Last full review/revision Aug 2020 | Content last modified Oct 2020

Ticks found attached to people or domestic animals should be removed immediately. The longer a tick remains attached to the skin, the more pathogen- and/or toxin-containing saliva is being injected into the host. Therefore, prompt removal is imperative. Several tick removal devices are on the market, but ticks are most effectively removed by a plain set of fine-tipped tweezers.

The CDC recommends the following method of tick removal:

  • Use tweezers to grasp the tick as close to the skin surface as possible.

  • Pull upward with steady, even pressure.

  • Do not twist the tick, because this will cause the mouthparts to break off and remain in the skin. If this happens and the mouthparts cannot easily be removed with clean tweezers, leave it alone and let the skin heal. Chances of a local infection being caused by remaining tick mouthparts are insignificant compared with the risk of pathogen transmission by an attached tick.

  • Avoid crushing the tick.
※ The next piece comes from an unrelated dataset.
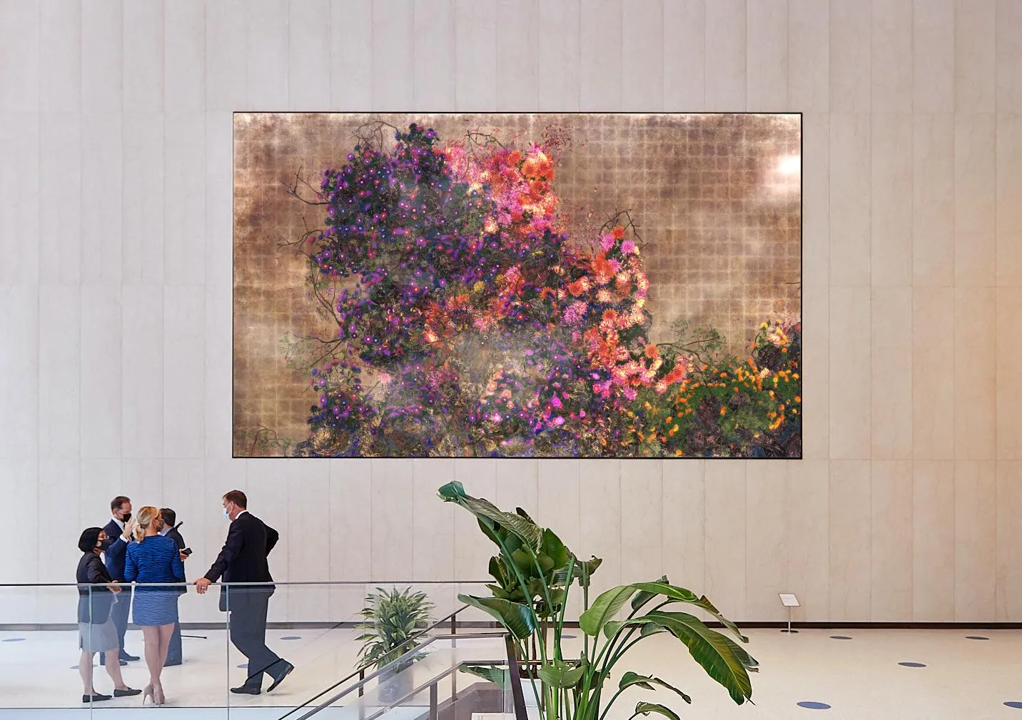The flowers that bloom change daily along with the real-time seasons of New York. As the sun rises in New York, the world of the artwork becomes brighter, and as the sun sets, it becomes darker.

Do not squash the tick with your fingers; the contents of the tick can transmit disease through skin abrasions.

  • After removing the tick, thoroughly clean the bite area and your hands with rubbing alcohol, an iodine scrub, or soap and water.

Avoid folklore remedies such as "painting" the tick with nail polish or petroleum jelly or using a hot match to make the tick detach from the skin. The goal is to remove the tick as quickly as possible, not to wait for it to detach. Using irritants such as petroleum jelly, a hot match, or alcohol will not cause the tick to "back out" and in fact, may cause more disease-carrying tick saliva to be deposited in the wound.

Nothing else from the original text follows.